The data listed in this section are usually needed to prepare documents. While it seems elementary, some credit professionals report it missing from their files. It includes:

• The identity of the debtor, including its correct name, form of business, and whether it is one entity or multiple entities
• Locations of the debtor
• Locations of the debtor’s assets
• Value of collateral
• Form of debt (invoices, statements of accounts, promissory notes)

Creditor Documents

“A credit application,” says Bill Creim, one of the firm’s partners,“is the one document the debtor signs, so include all areas where difficulties are likely to arise.” He recommends including terms, conditions, and whether interest may be charged on late payments. He delineates the items that should be included in the file as follows:

• Credit applications, security agreements, dealer agreements or distributor agreements, sales contracts, guarantees, and other written correspondence showing

• Interest
• Attorney fees and collection costs
• Acceleration
• Debtor’s books and records
• Jurisdiction and venue clauses
• Arbitration clauses

• Financial information including

• D&B, Experian, or other credit reports
• Audited financial statements
• Unaudited financial statements

• Unmarked original documents and letters contained in credit manager’s and salesperson’s files
• Invoices and statements of account. Creim warns credit professionals to beware of usury problems, collection costs, and payment terms.

Other Sources of Information

In addition to the details listed above, miscellaneous intelligence—such as information from banks, other creditors, or competitors—should be included. Creim warns credit professionals that they must make sure that nothing in the file could be misconstrued as slander or interference with normal business relationships. Credit professionals must also omit anything that might show antitrust violations.

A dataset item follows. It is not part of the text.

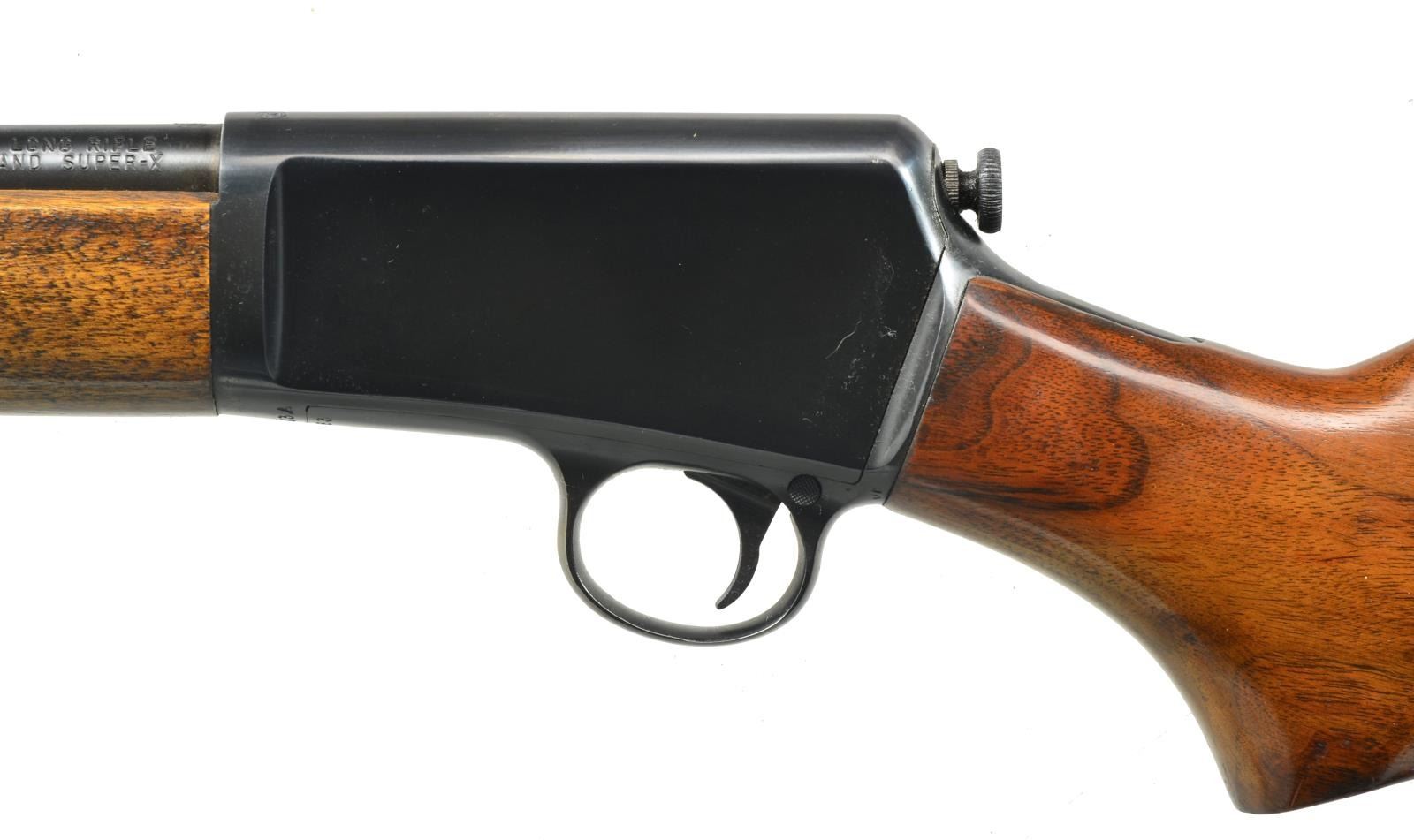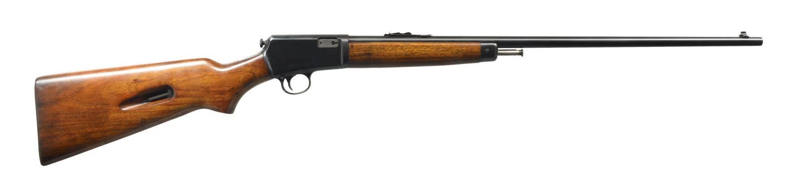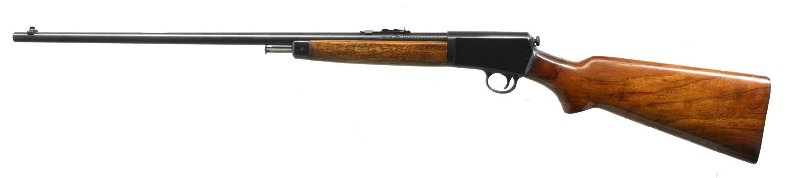 Cal. 22 LR. S# 120083A. Bbl. 23" rnd. Dovetail bead front, dovetail adjustable rear. Round top receiver. Uncheckered forend & uncheckered pistol grip stock w/ checkered steel buttplate. CONDITION: bbl. retains most of its original blue w/ a couple very sm. spots surface oxidation. Receiver has most of its original blue w/ some faint sharp edge wear. Forend has original finish w/ some minor handling marks & slight thinning from hand worn patina. Buttstock has original finish w/ a few minor handling marks. Bore is bright. (20-3153/BT). CURIO. $500-800.

Much of the material kept in the credit files needs to be updated regularly. New financial reports and sales contracts should routinely be included in the credit files. Similarly, new credit reports should be pulled periodically to make sure your customer’s financial standing is as good as (or better than) it was when the account was first opened. In the current environment, which Creim describes as “we cheat our suppliers and pass the savings on to you,” it is imperative that credit professionals do everything to protect their companies against nonpayment.

Some companies actually have the information discussed above but cannot find it when it is needed. The importance of having all relevant documents in one place should not be underestimated.